**ASSIGNED TASK**:
Keeping every word the same, give again only the lines from the one with "Für leichteren Einzug" through the end of the data, both included, and leave every picture out.

**DATA BLOCK**:
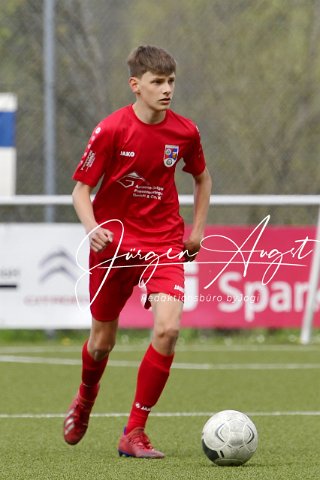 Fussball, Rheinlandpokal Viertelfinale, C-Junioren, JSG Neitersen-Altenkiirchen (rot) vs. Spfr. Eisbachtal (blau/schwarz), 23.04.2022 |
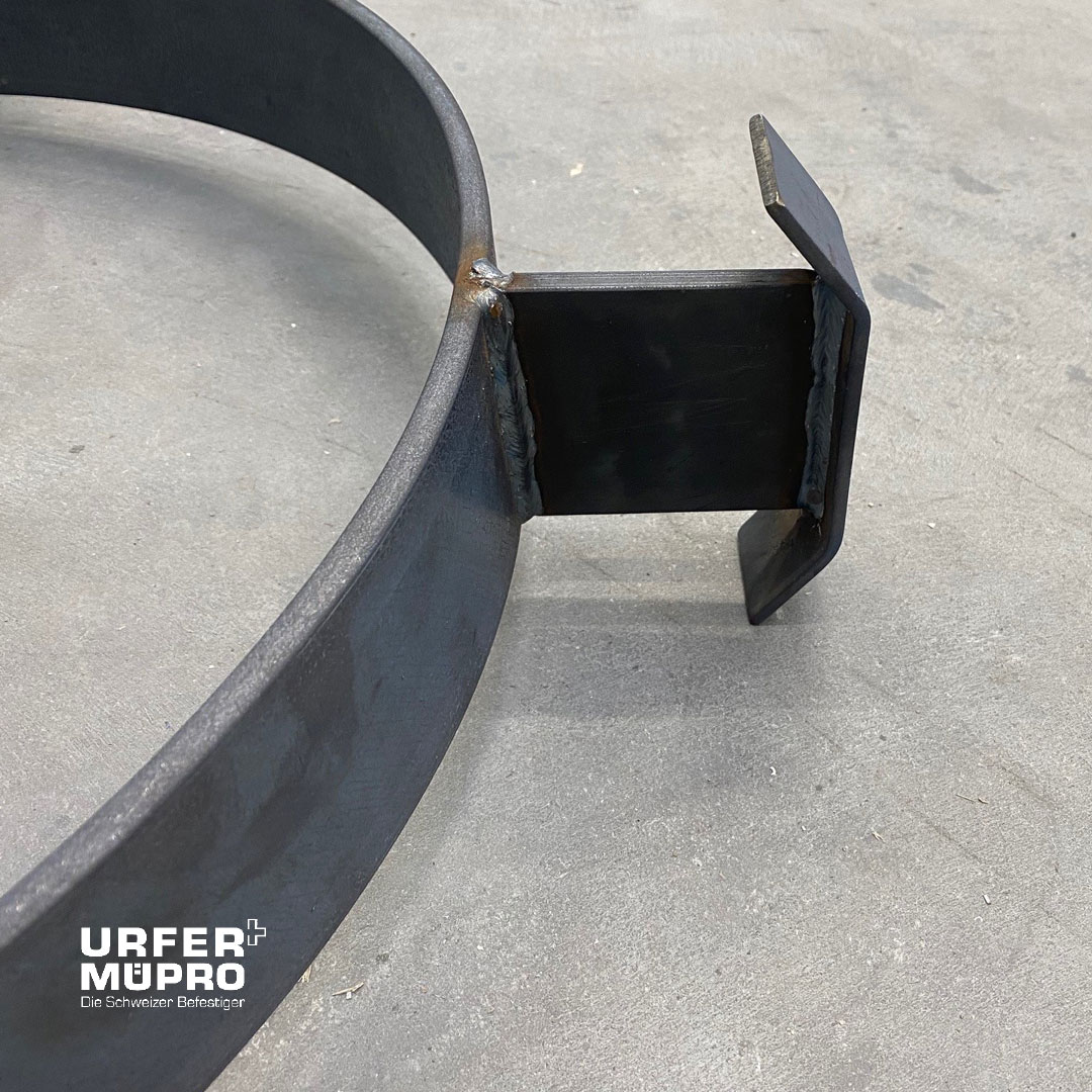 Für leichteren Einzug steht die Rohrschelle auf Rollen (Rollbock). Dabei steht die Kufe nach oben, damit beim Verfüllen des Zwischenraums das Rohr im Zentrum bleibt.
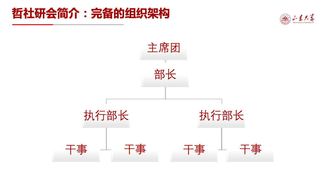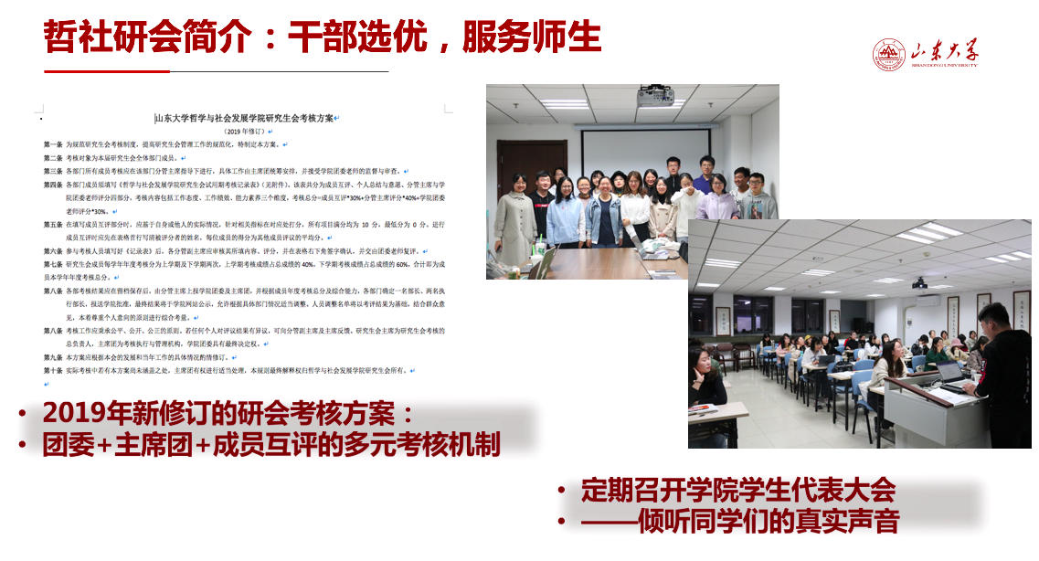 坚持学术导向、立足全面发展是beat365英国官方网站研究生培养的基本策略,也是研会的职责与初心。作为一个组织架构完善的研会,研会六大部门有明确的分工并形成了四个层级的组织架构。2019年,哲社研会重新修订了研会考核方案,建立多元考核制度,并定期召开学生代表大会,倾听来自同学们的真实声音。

**FINAL ANSWER**:
 Für leichteren Einzug steht die Rohrschelle auf Rollen (Rollbock). Dabei steht die Kufe nach oben, damit beim Verfüllen des Zwischenraums das Rohr im Zentrum bleibt.
 坚持学术导向、立足全面发展是beat365英国官方网站研究生培养的基本策略,也是研会的职责与初心。作为一个组织架构完善的研会,研会六大部门有明确的分工并形成了四个层级的组织架构。2019年,哲社研会重新修订了研会考核方案,建立多元考核制度,并定期召开学生代表大会,倾听来自同学们的真实声音。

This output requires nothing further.